As far as lifting, I only know it was overestimating, because I noticed when I wasn't losing as much as I should have (only cutting a little and @1lb a week, the extra calories overestimated was keeping me closer to .25lb a week). Since I've adjusted it, I am back in line with where I want to be. It also just has a generic "weight lifting" exercise, and isn't exactly scientific. I would imagine on leg days I burn more than on arm days, but by keeping it at under estimating, it balances out better in my favor.
 

z1ggy

Lifer
May 17, 2008
10,010
66
91
Lose It! has worked better for me (perhaps what I eat is accurately documented better than what you tried) and the reminders was probably the best part. I think there is a social aspect to it, but I don't bother with that stuff.

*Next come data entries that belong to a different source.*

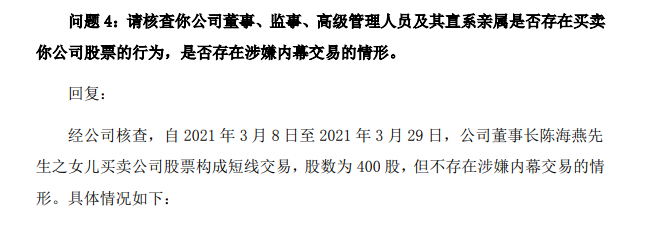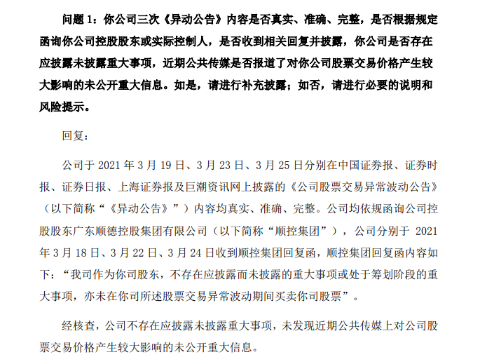 3月31日,顺控发展回复深交所称,经核查,不存在应披露而未披露的重大事项,也不存在处于筹划阶段的重大事项。同时,自3月8日至3月29日,公司董事长陈海燕女儿买卖公司股票构成短线交易,股数为400股,但不存在涉嫌内幕交易的情形。
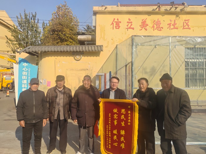 “現在天冷了能在這里曬太陽,下雨能躲雨,累了有地方坐,社區真是把實事辦到了我們心坎上!”薛莊小區居民吳大爺感慨的說。薛莊社區新時代文明實踐廣場是居民日常休閑的主要場所,但休憩設施短缺問題長期困擾著居民。尤其是老年群體和帶孩子的家長,常因無處歇腳而縮短戶外活動時間。了解到這一情況后,社區主動作為積極協調各方資源,在街道的大力支持下,緊鑼密鼓的開始施工。如今,暖心小站已正式投用,寬敞的活動空間、抗風防雨的穩固結構,搭配同步配備的休閑桌椅,為居民打造集遮風擋雨、休憩交流于一體的“暖心小站”。小站啟用當日,便有居民自發送來“思民生解民難,做實事暖民心”的錦旗,表達對社區工作的信賴與認可。
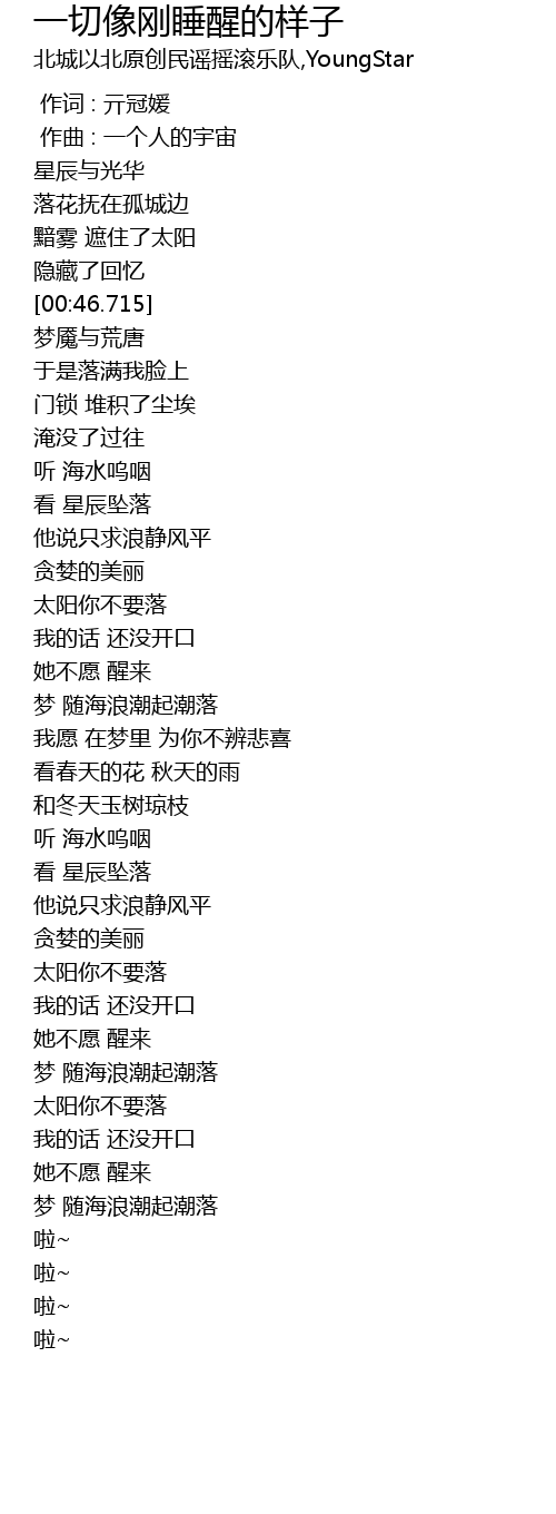 | [00:01.000] | 作曲 : 一个人的宇宙 |
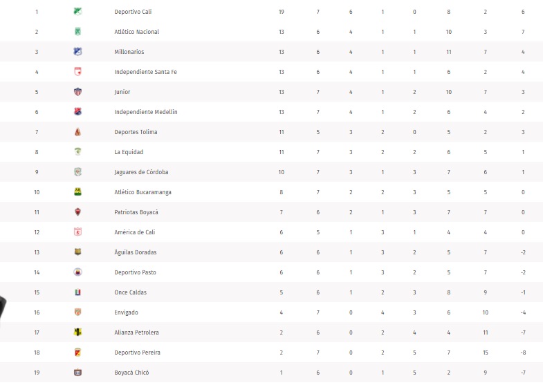 Al cabo de la jornada, en la tabla de posiciones del rentado nacional dejó a cuatro grandes en las primeras posiciones. Deportivo Cali es solitario líder con 19 puntos.

As far as lifting, I only know it was overestimating, because I noticed when I wasn't losing as much as I should have (only cutting a little and @1lb a week, the extra calories overestimated was keeping me closer to .25lb a week). Since I've adjusted it, I am back in line with where I want to be. It also just has a generic "weight lifting" exercise, and isn't exactly scientific. I would imagine on leg days I burn more than on arm days, but by keeping it at under estimating, it balances out better in my favor.

Yeah I don't even bother putting in exercise because it is almost negligible compared to just not eating things. If anything, I use it as an extra "boost" in my calorie deficit and consider that it maybe gives me an extra .1-.2lb of weight loss per week.

I think the foods I had trouble finding were protein shakes that Myfitnesspal happened to have.